* WHAT IS REQUIRED
Every entry is to be restated exactly; pictures are not part of the copy.

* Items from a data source
■ ■ ■
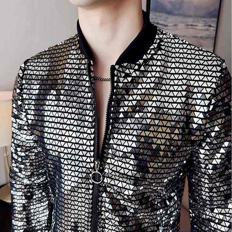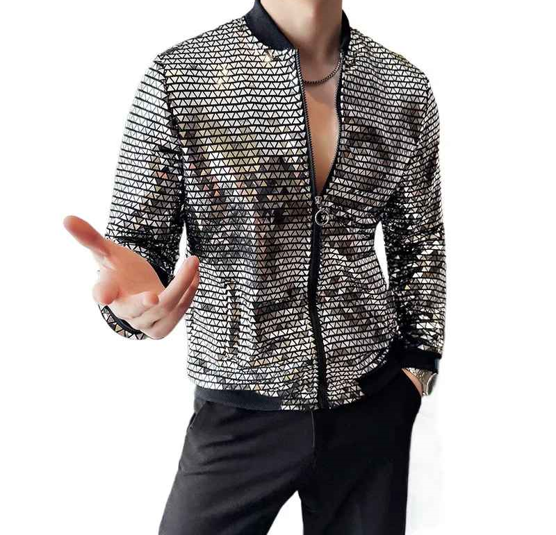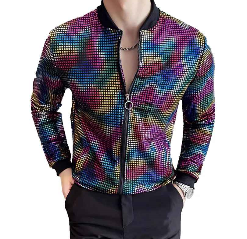 Men Long Sleeve Jacket, Baseball Collar Fashion Plaid Coat,Very Time Nightclub/Stage Performance,College Baseball jacket for men
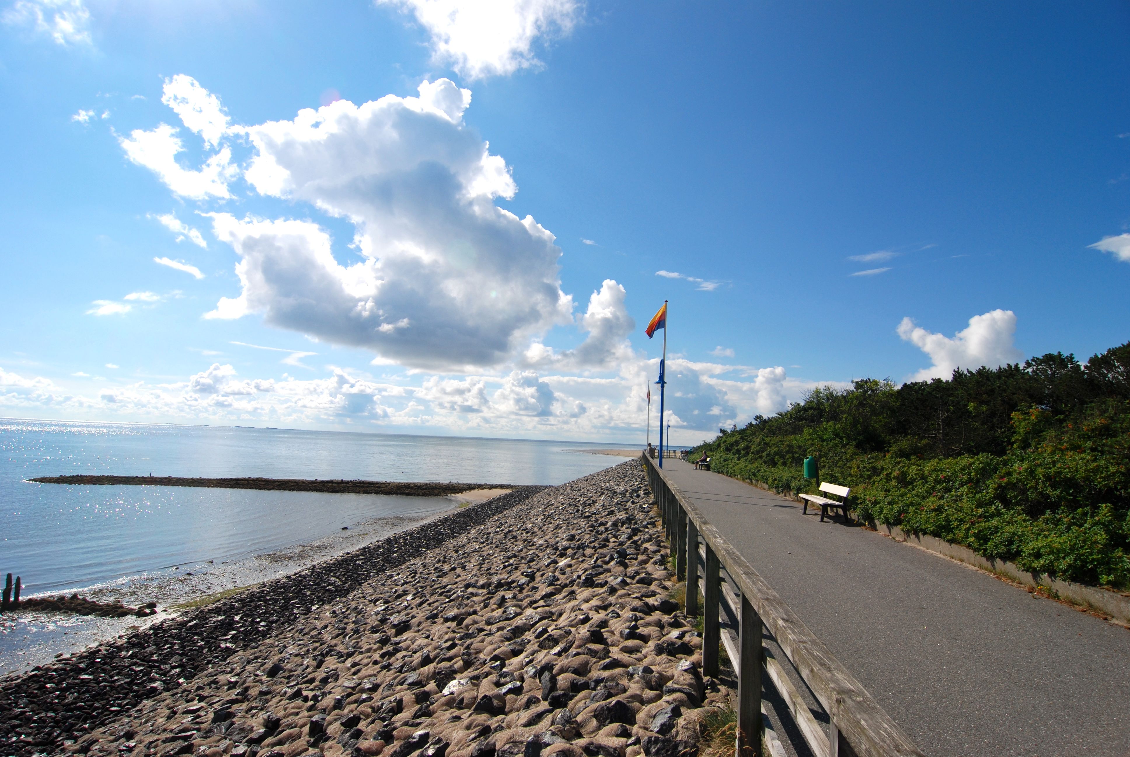 Am Wriakhörnsee inmitten der Dünen lassen sich besonders viele Vögel beobachten, da der See für viele Seevögel als Brut- und Rastplatz dient. Am Ende des Sees angelangt biegen Sie links auf den Bohlenweg ab, um auf die andere Seite des Sees zu gelangen. Dort folgen Sie rechtsherum dem Dünenwanderweg. Der Dünenwanderweg ist durch gelb und rot angemalte Holzpfähle markiert und führt ohne Bohlenweg über den Sand durch die Dünen. Dieser Weg führt Sie bis auf die Höhe des Leuchtturms. Überqueren Sie hier die Dünenkante in Richtung Meer und halten Sie sich an der Wasserkante links, um wieder zurück in Richtung Wittdün zu gelangen. Genießen Sie die Weite des Kniepsandes. Diese vor Amrum vorgelagerte Sandbank ist ca. 15km lang und an der breitesten Stelle 1,5km breit. Damit zählt der Kniepsand zu einem der breitesten Strände Europas. Halten Sie später auf Wittdün zu und nutzen Sie den Aufgang am Piratenschiff. Folgen Sie der unteren Wandelbahn einmal um die Südspitze herum um zurück zum Fähranleger zu gelangen. Von der unteren Wandelbahn aus gelangen Sie über die Treppen auf der linken Seite auch sehr schnell in den Ortskern von Wittdün. Hier gibt es vieles zu entdecken, sollten Sie also noch etwas Zeit haben, empfiehlt sich hier ein kleiner Bummel durch die vielen Geschäfte, ein Kaffee in einem der gemütlichen Cafés oder ein Fischbrötchen auf die Hand.
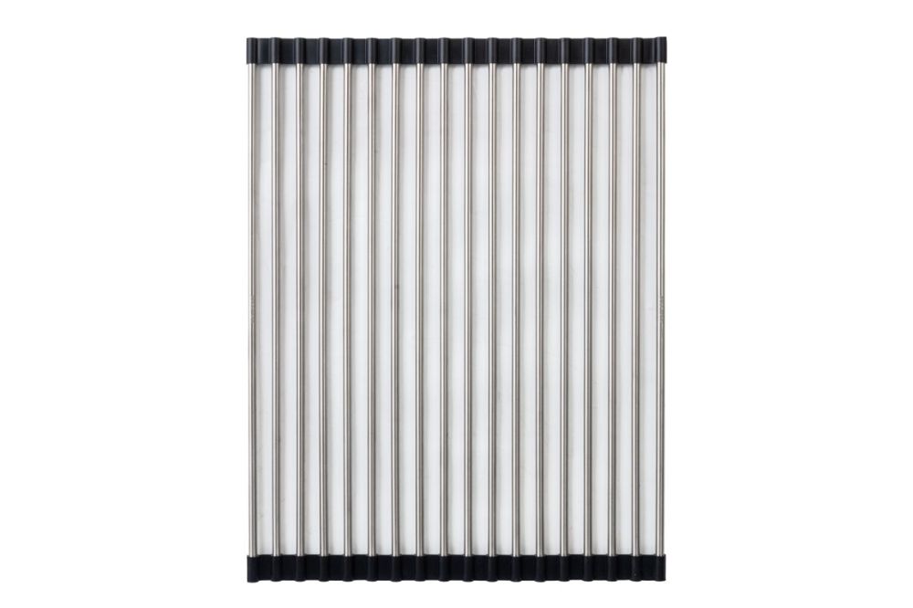 Благодаря двусторонним силиконовым наконечникам, ролл-мат защищает поверхность и может быть размещен на столешнице, крыле мойки или в специальных направляющих чаши кухонной мойки.
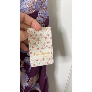 Free People Rosalie Embroidered Mini Dress Purple One Shoulder 3/4 Sleeve. New with Tag!
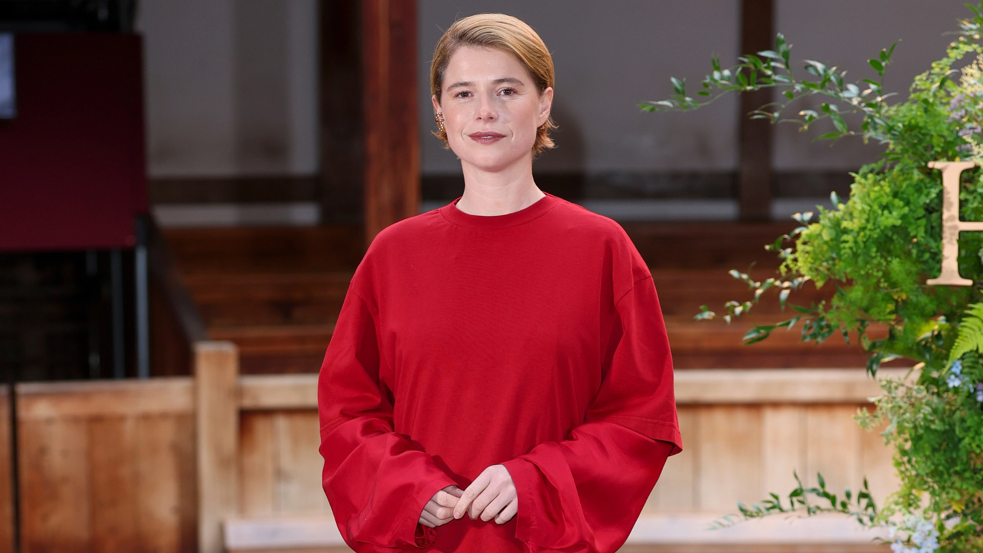 For a rather fitting photocall at Shakespeare's Globe, Buckley wore stylishly loose separates the colour of Christmas, aka a rich cranberry that, really, is an excellent shade to wear all-year round but gets an especially good showing in December.
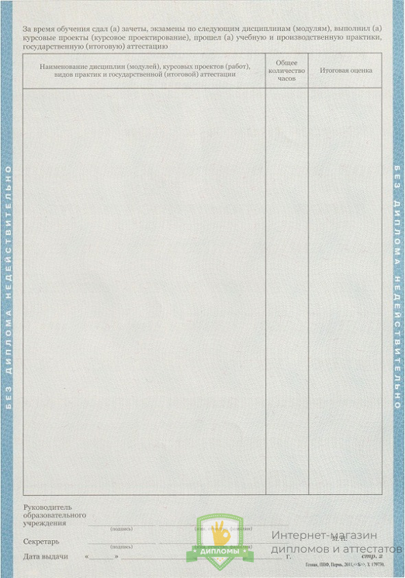 Прибрести диплом колледжа 2011 - 2013 год вы можете в компании «ОК-Дипломы». Работаем на профильном рынке более 20 лет, предлагая клиентам высококачественный сервис и разумные цены. У нас диплом колледжа 2011 - 2013 год выполняется на оригинальном бланке Гознак, дополняется подлинными подписями и печатями.
■ ■ ■
* SOLUTION
 Men Long Sleeve Jacket, Baseball Collar Fashion Plaid Coat,Very Time Nightclub/Stage Performance,College Baseball jacket for men
 Am Wriakhörnsee inmitten der Dünen lassen sich besonders viele Vögel beobachten, da der See für viele Seevögel als Brut- und Rastplatz dient. Am Ende des Sees angelangt biegen Sie links auf den Bohlenweg ab, um auf die andere Seite des Sees zu gelangen. Dort folgen Sie rechtsherum dem Dünenwanderweg. Der Dünenwanderweg ist durch gelb und rot angemalte Holzpfähle markiert und führt ohne Bohlenweg über den Sand durch die Dünen. Dieser Weg führt Sie bis auf die Höhe des Leuchtturms. Überqueren Sie hier die Dünenkante in Richtung Meer und halten Sie sich an der Wasserkante links, um wieder zurück in Richtung Wittdün zu gelangen. Genießen Sie die Weite des Kniepsandes. Diese vor Amrum vorgelagerte Sandbank ist ca. 15km lang und an der breitesten Stelle 1,5km breit. Damit zählt der Kniepsand zu einem der breitesten Strände Europas. Halten Sie später auf Wittdün zu und nutzen Sie den Aufgang am Piratenschiff. Folgen Sie der unteren Wandelbahn einmal um die Südspitze herum um zurück zum Fähranleger zu gelangen. Von der unteren Wandelbahn aus gelangen Sie über die Treppen auf der linken Seite auch sehr schnell in den Ortskern von Wittdün. Hier gibt es vieles zu entdecken, sollten Sie also noch etwas Zeit haben, empfiehlt sich hier ein kleiner Bummel durch die vielen Geschäfte, ein Kaffee in einem der gemütlichen Cafés oder ein Fischbrötchen auf die Hand.
 Благодаря двусторонним силиконовым наконечникам, ролл-мат защищает поверхность и может быть размещен на столешнице, крыле мойки или в специальных направляющих чаши кухонной мойки.
 Free People Rosalie Embroidered Mini Dress Purple One Shoulder 3/4 Sleeve. New with Tag!
 For a rather fitting photocall at Shakespeare's Globe, Buckley wore stylishly loose separates the colour of Christmas, aka a rich cranberry that, really, is an excellent shade to wear all-year round but gets an especially good showing in December.
 Прибрести диплом колледжа 2011 - 2013 год вы можете в компании «ОК-Дипломы». Работаем на профильном рынке более 20 лет, предлагая клиентам высококачественный сервис и разумные цены. У нас диплом колледжа 2011 - 2013 год выполняется на оригинальном бланке Гознак, дополняется подлинными подписями и печатями.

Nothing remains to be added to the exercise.